本誌の発行人は金子好雄。発行所住所は東京都千代田区神田神保町一ノ一四。「編輯後記」にいわく

《エロテイシズムと云つてもピンからキリまであるが、本誌は常に高尚なエロテイシズムを保つてゆきたいと考えてゐる。》《小説家が、詩人が、画家が、医学者が、そしてまた、教育者が、評論家が、それぞれの立場から性の開放を叫ぶ本誌こそ、将に本邦雑誌界の異色である。》(能瀬皎一郎)

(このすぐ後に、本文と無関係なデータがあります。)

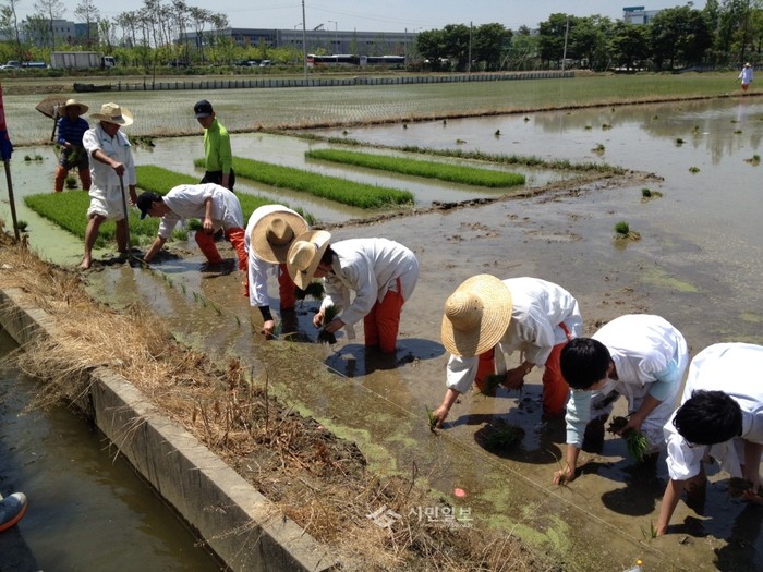 수원 권선구, 고현초교 옆 들판서 '전통 손 모내기'
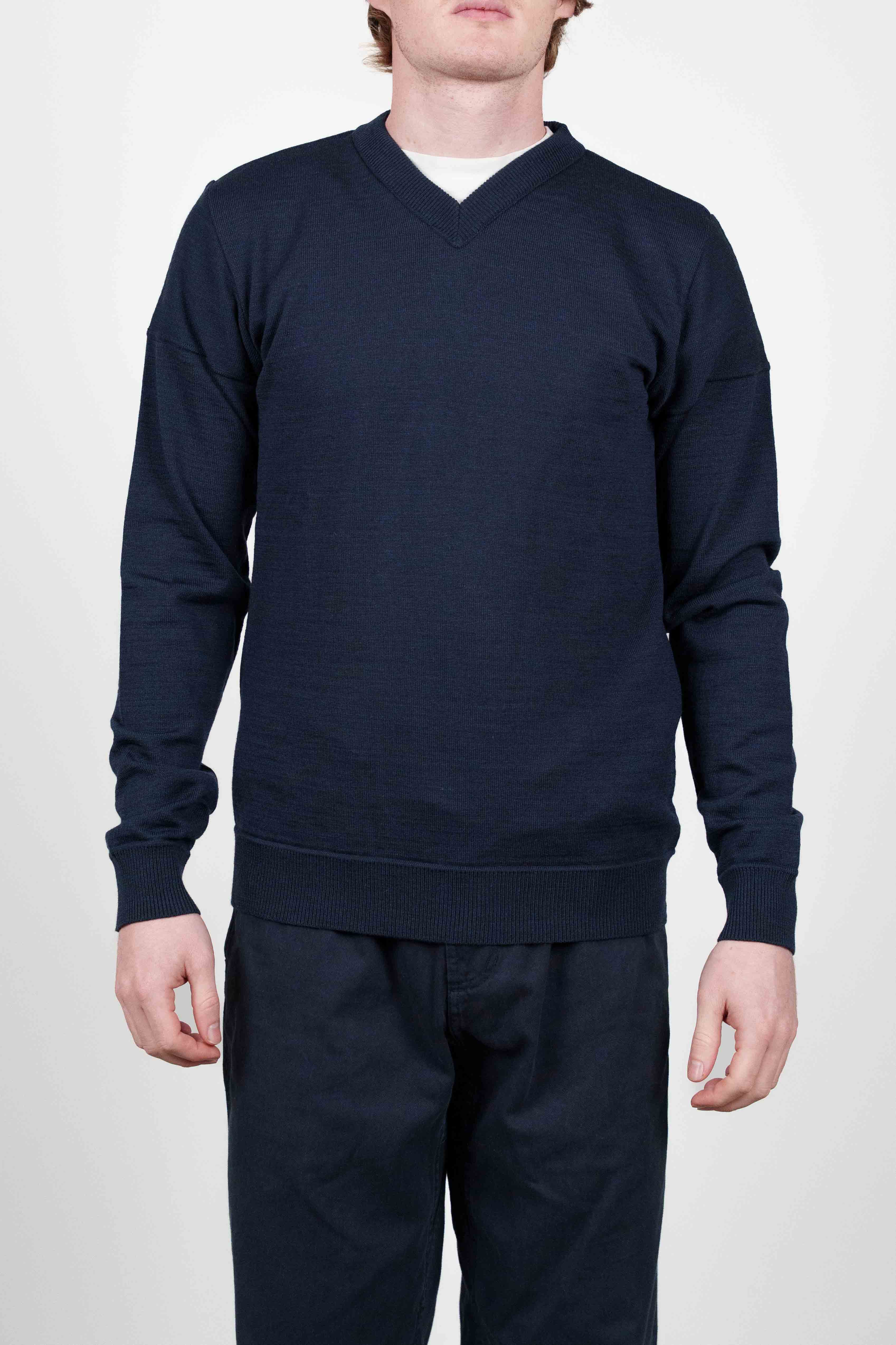 Mørkeblå V-hals sweater fra vores W012-kollektion, fremstillet i en finstrikket kvalitet med ribkanter ved ærmer og forneden.

《坂口安吾の言葉を借りる訳ではないが、人間よ堕ちよ、読書子よ堕ちてゆけと叫んで止まない。男よ、女よ、堕ちてゆけ、其処に天国へ通ずる最も手近な道がある。
 絵空事ではなく、泥田の中に、「性文化」の中に、真珠を探した事がありますか……冗談じやあ無い、一体君達の目は何処に着いて居るんです。
 こう言ひ乍らも私は、貴君方の前に一つのものを示さうとして居る。》(岩波信三)

金子および能瀬については不明。岩波信三は『性知識』(風俗社)、そして『推理界』(浪速書房、一九六七年七月創刊〜七〇年七月、三十八冊)の最初の編集名義人になっている。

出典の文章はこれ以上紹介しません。